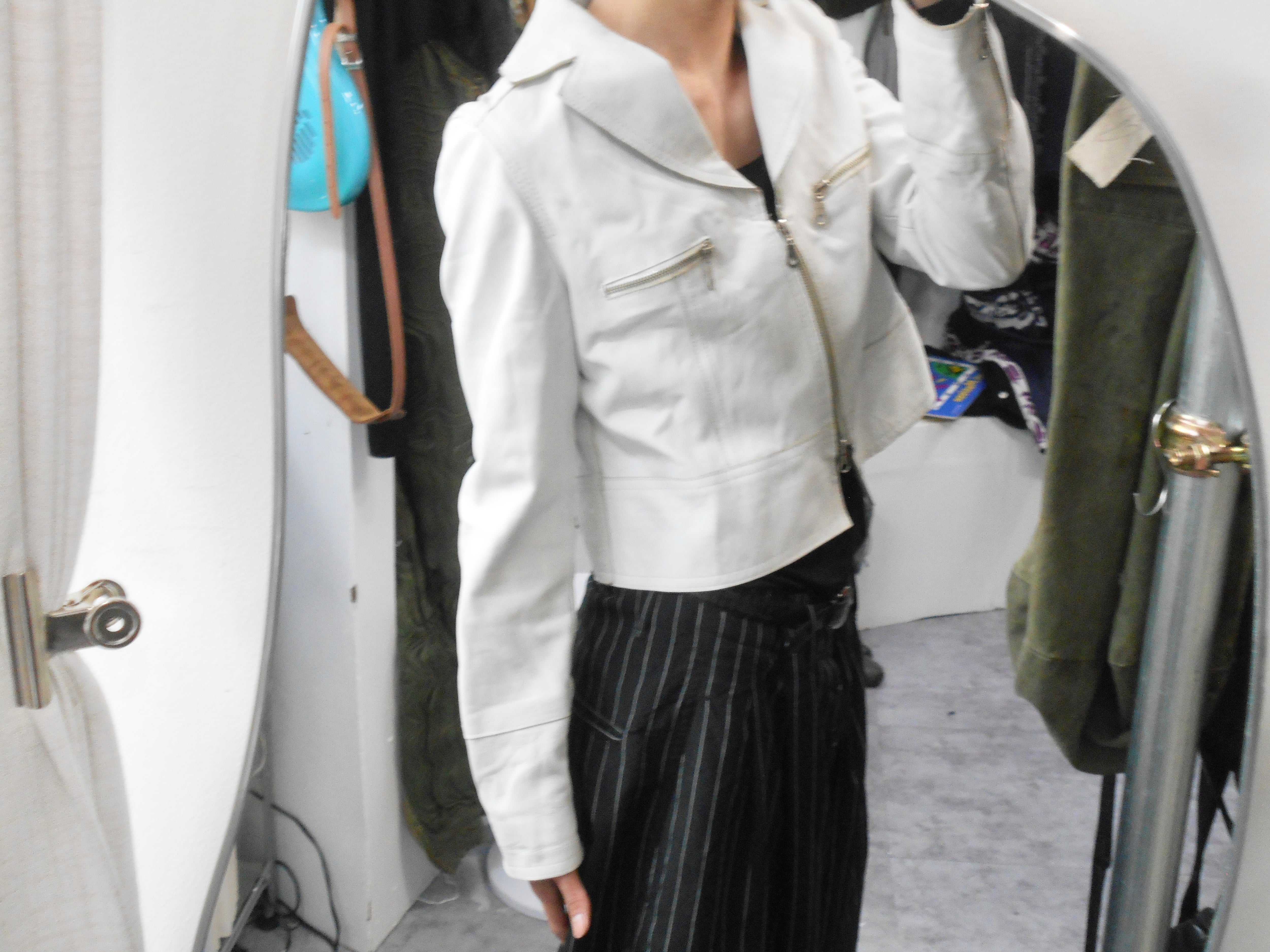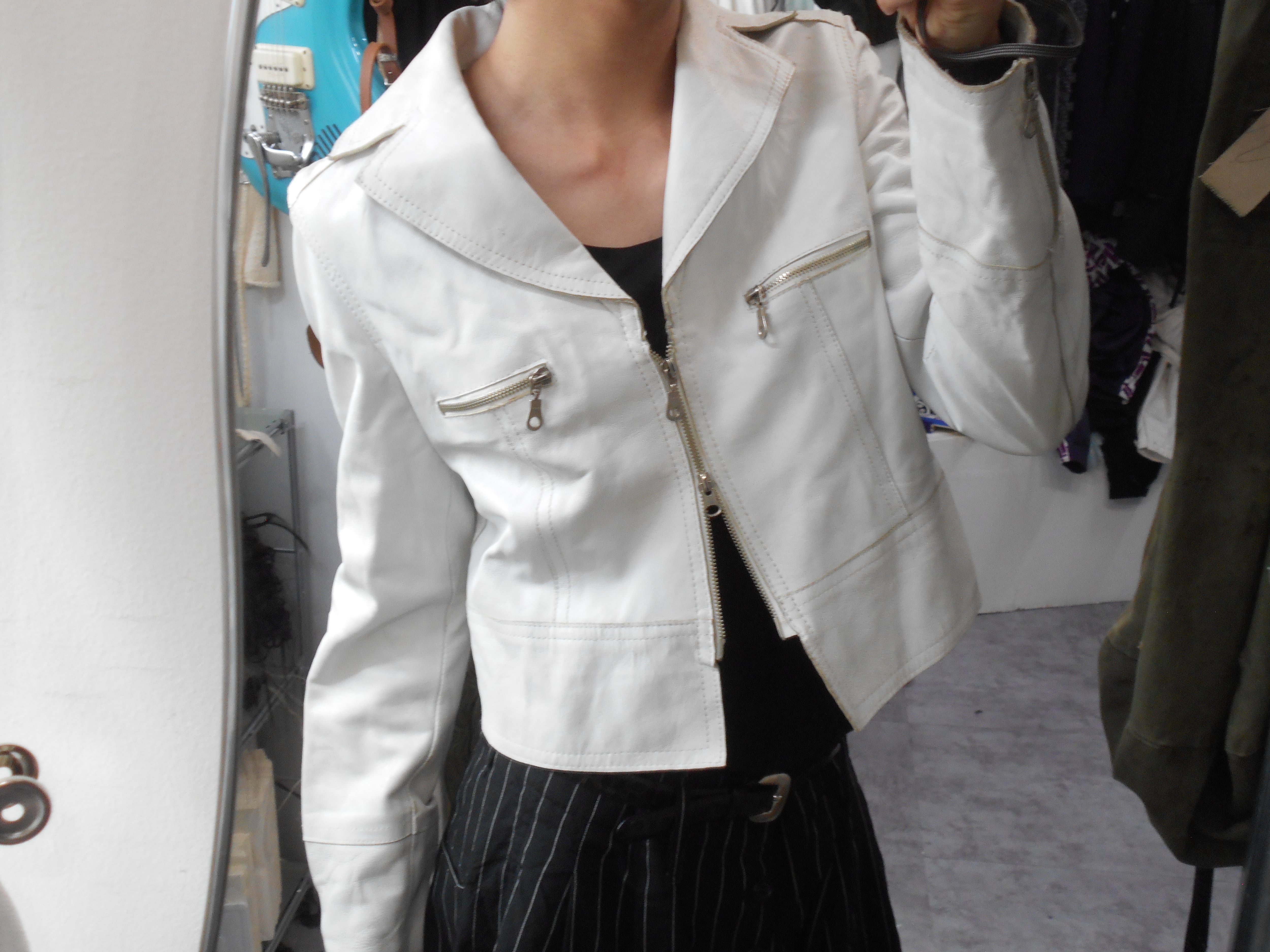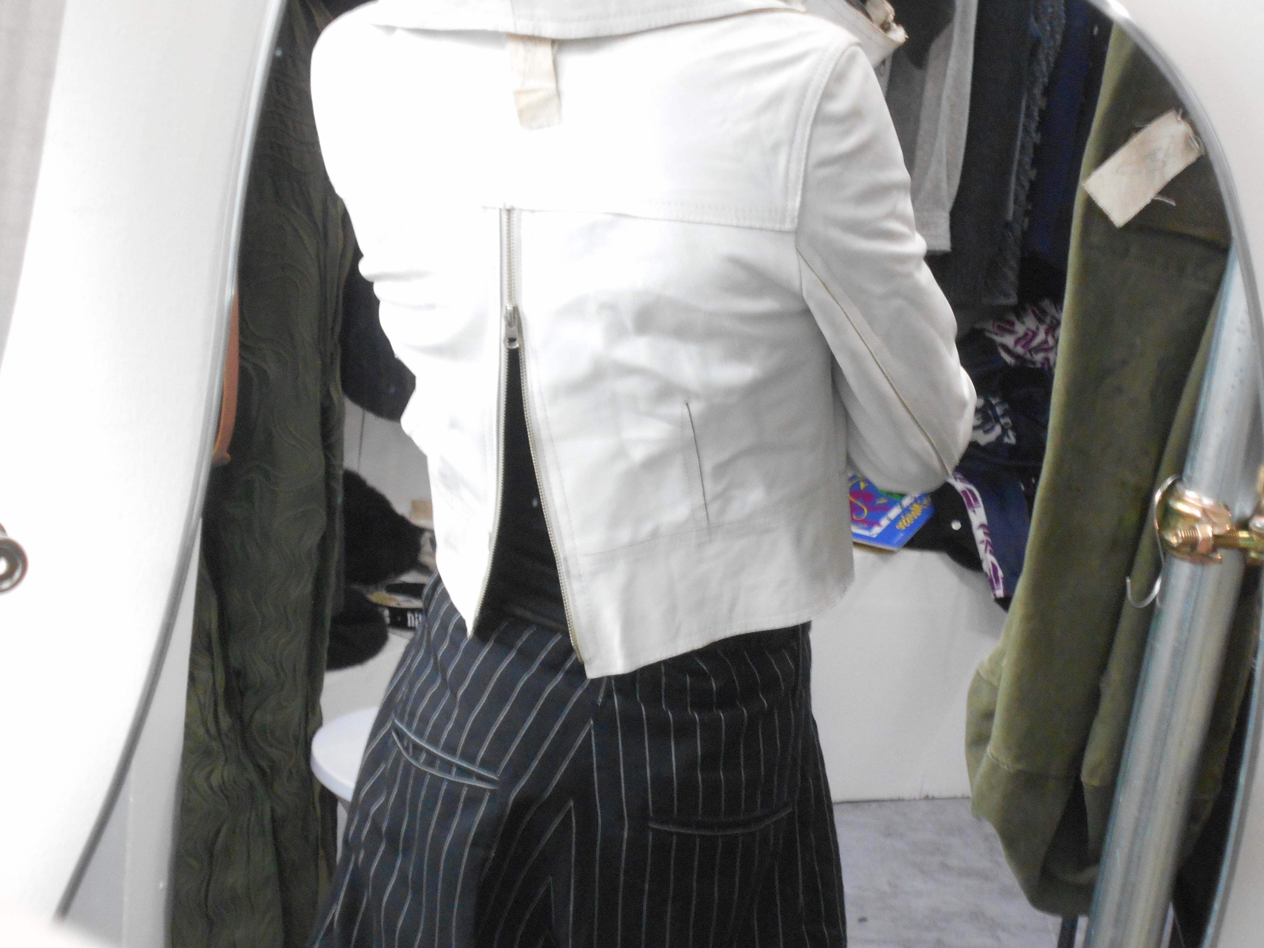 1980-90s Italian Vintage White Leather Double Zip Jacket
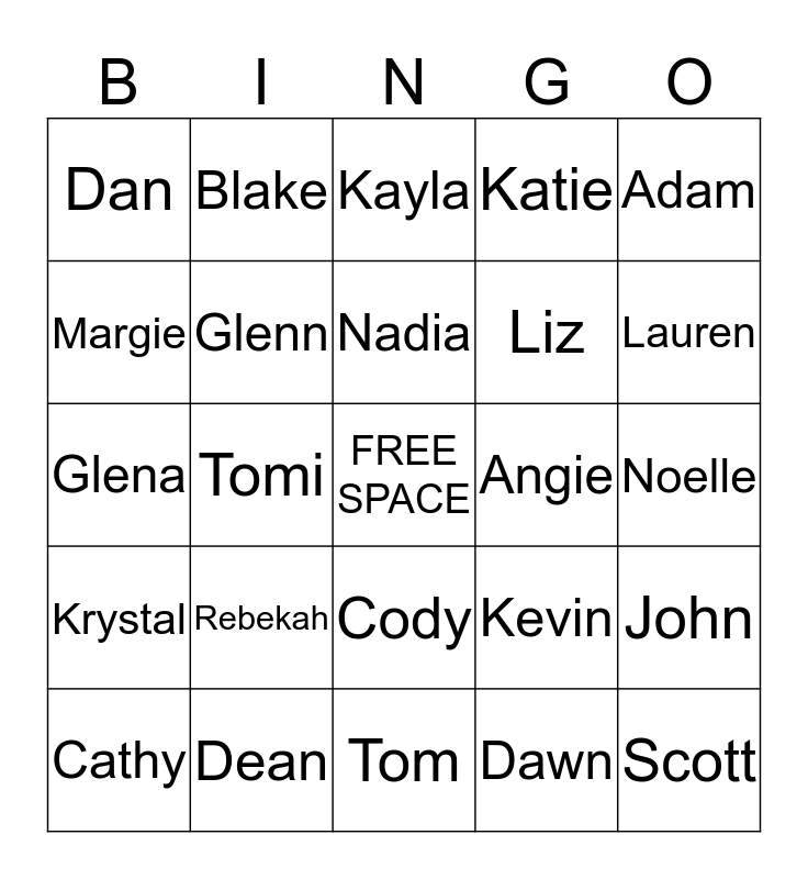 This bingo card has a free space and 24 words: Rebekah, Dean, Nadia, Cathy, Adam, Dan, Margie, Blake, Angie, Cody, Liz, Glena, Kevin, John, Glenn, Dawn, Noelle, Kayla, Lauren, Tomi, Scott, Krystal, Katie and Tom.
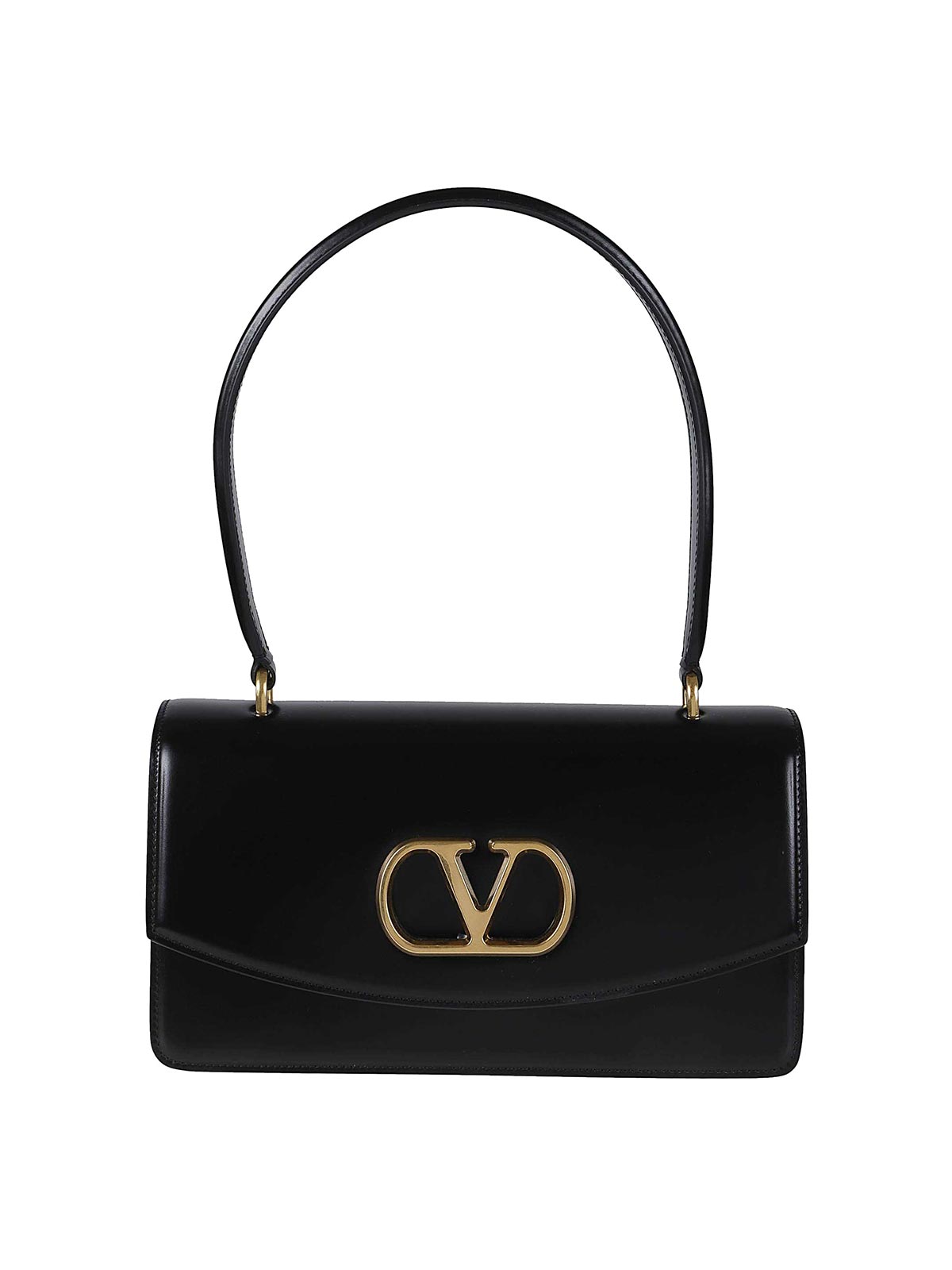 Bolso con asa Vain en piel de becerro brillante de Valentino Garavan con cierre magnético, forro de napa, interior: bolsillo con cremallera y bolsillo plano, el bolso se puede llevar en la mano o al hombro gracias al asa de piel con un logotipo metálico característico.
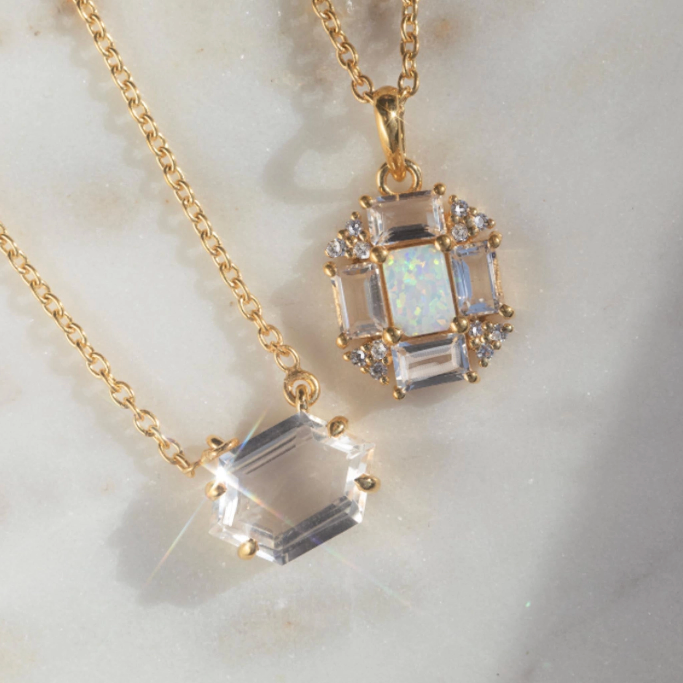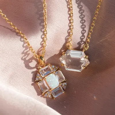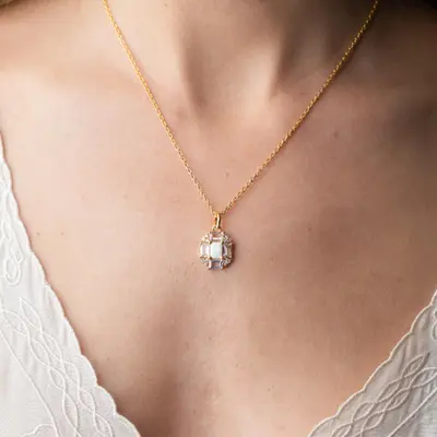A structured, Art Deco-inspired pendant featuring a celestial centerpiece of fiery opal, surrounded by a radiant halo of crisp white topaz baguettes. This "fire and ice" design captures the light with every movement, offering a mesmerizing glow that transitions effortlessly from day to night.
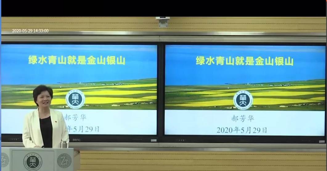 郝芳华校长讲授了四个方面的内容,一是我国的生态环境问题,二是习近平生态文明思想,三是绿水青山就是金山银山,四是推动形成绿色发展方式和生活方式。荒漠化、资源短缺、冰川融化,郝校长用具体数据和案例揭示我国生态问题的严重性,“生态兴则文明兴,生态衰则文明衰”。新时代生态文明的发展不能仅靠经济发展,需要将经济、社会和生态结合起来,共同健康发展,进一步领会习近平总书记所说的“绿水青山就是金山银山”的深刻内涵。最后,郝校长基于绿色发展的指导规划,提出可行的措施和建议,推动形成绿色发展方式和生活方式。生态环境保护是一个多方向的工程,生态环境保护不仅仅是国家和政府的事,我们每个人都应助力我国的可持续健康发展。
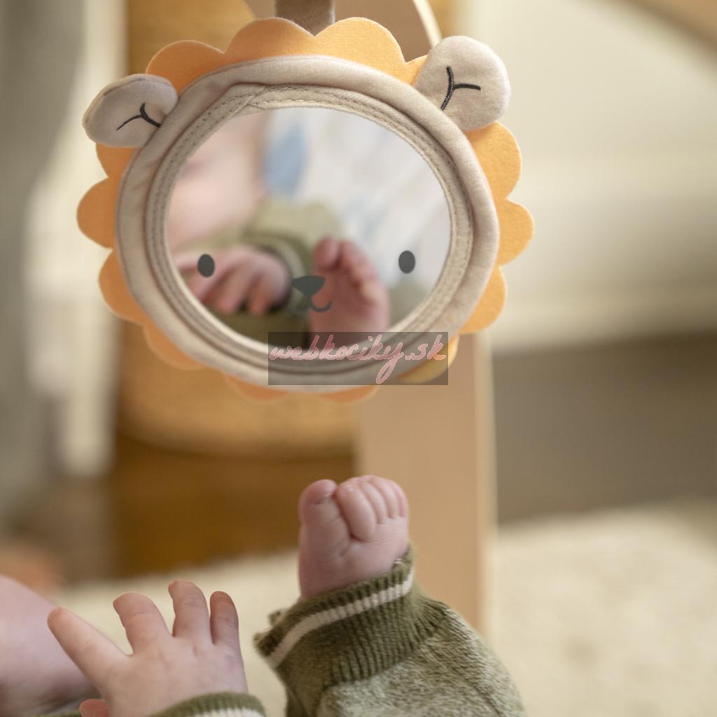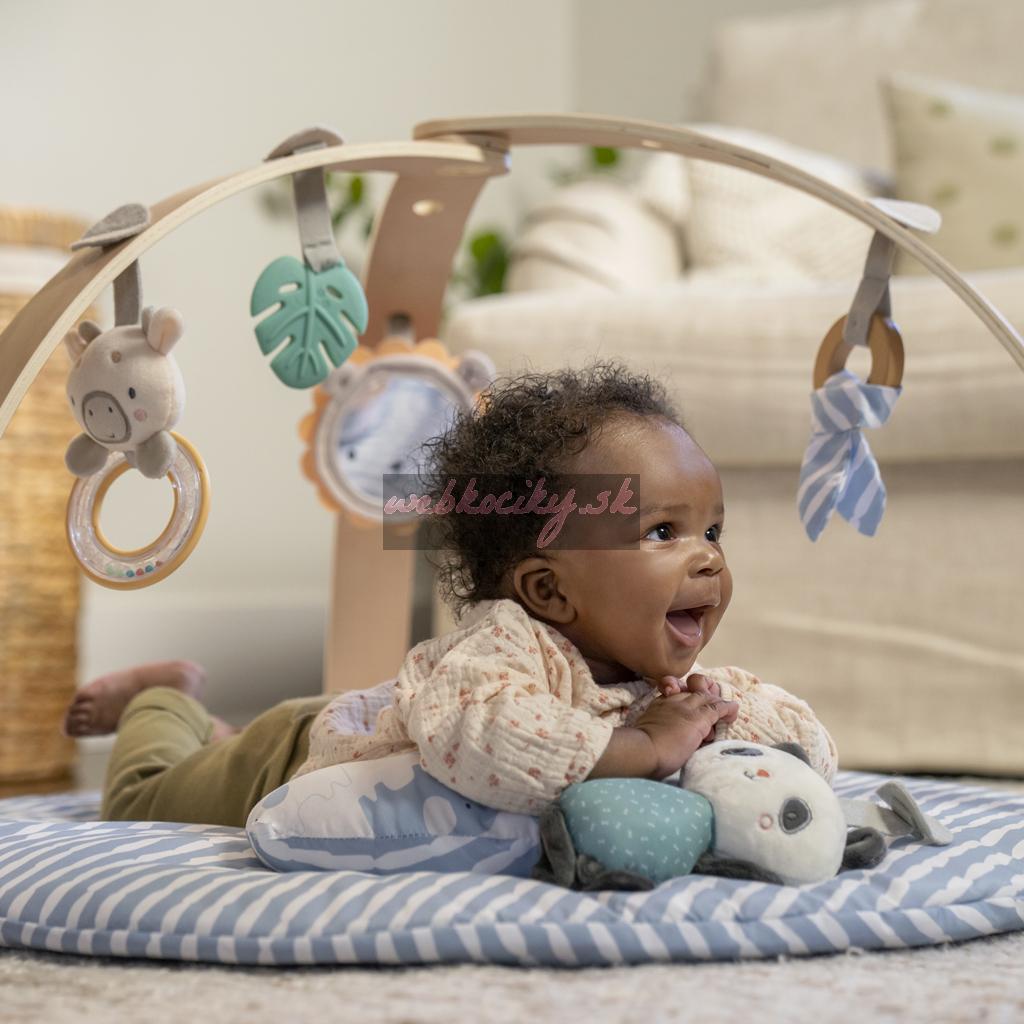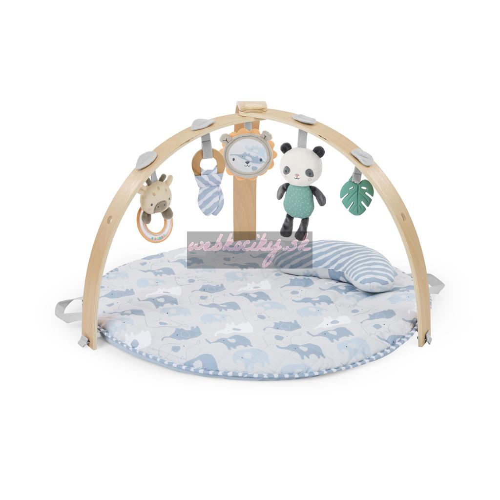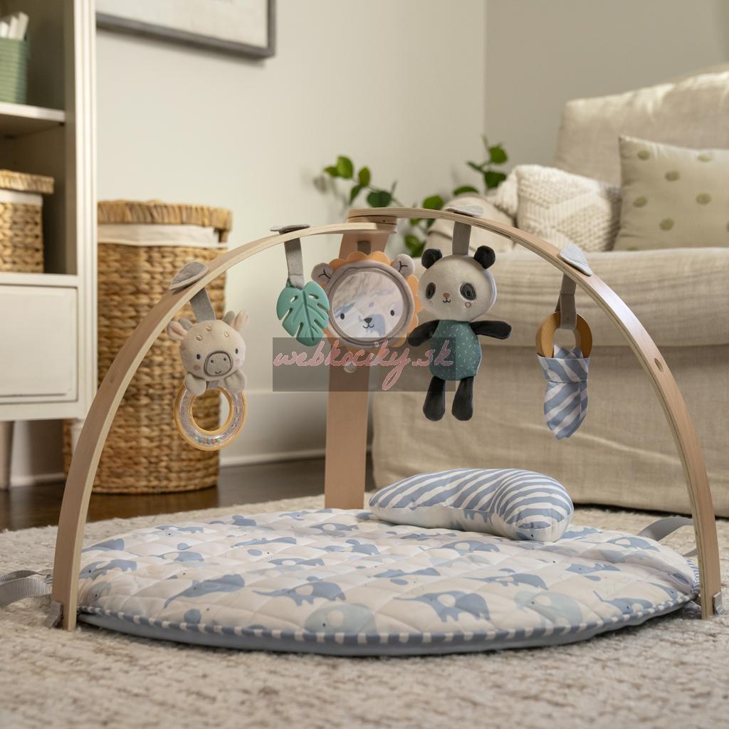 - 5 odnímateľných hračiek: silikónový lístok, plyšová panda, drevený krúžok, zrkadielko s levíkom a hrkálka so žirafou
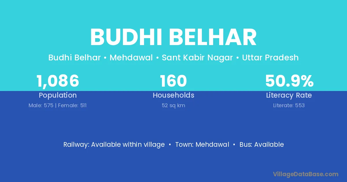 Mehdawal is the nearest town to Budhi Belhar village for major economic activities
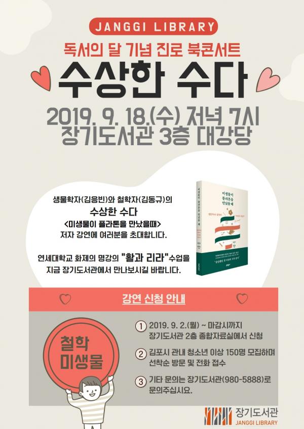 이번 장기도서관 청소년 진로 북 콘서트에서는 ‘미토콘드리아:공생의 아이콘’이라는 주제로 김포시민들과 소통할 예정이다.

....................

ASSIGNMENT: Make an exact copy of every entry above, minus the images.

EXERCISE SOLUTION:
 1980-90s Italian Vintage White Leather Double Zip Jacket
 This bingo card has a free space and 24 words: Rebekah, Dean, Nadia, Cathy, Adam, Dan, Margie, Blake, Angie, Cody, Liz, Glena, Kevin, John, Glenn, Dawn, Noelle, Kayla, Lauren, Tomi, Scott, Krystal, Katie and Tom.
 Bolso con asa Vain en piel de becerro brillante de Valentino Garavan con cierre magnético, forro de napa, interior: bolsillo con cremallera y bolsillo plano, el bolso se puede llevar en la mano o al hombro gracias al asa de piel con un logotipo metálico característico.
A structured, Art Deco-inspired pendant featuring a celestial centerpiece of fiery opal, surrounded by a radiant halo of crisp white topaz baguettes. This "fire and ice" design captures the light with every movement, offering a mesmerizing glow that transitions effortlessly from day to night.
 郝芳华校长讲授了四个方面的内容,一是我国的生态环境问题,二是习近平生态文明思想,三是绿水青山就是金山银山,四是推动形成绿色发展方式和生活方式。荒漠化、资源短缺、冰川融化,郝校长用具体数据和案例揭示我国生态问题的严重性,“生态兴则文明兴,生态衰则文明衰”。新时代生态文明的发展不能仅靠经济发展,需要将经济、社会和生态结合起来,共同健康发展,进一步领会习近平总书记所说的“绿水青山就是金山银山”的深刻内涵。最后,郝校长基于绿色发展的指导规划,提出可行的措施和建议,推动形成绿色发展方式和生活方式。生态环境保护是一个多方向的工程,生态环境保护不仅仅是国家和政府的事,我们每个人都应助力我国的可持续健康发展。
 - 5 odnímateľných hračiek: silikónový lístok, plyšová panda, drevený krúžok, zrkadielko s levíkom a hrkálka so žirafou
 Mehdawal is the nearest town to Budhi Belhar village for major economic activities
 이번 장기도서관 청소년 진로 북 콘서트에서는 ‘미토콘드리아:공생의 아이콘’이라는 주제로 김포시민들과 소통할 예정이다.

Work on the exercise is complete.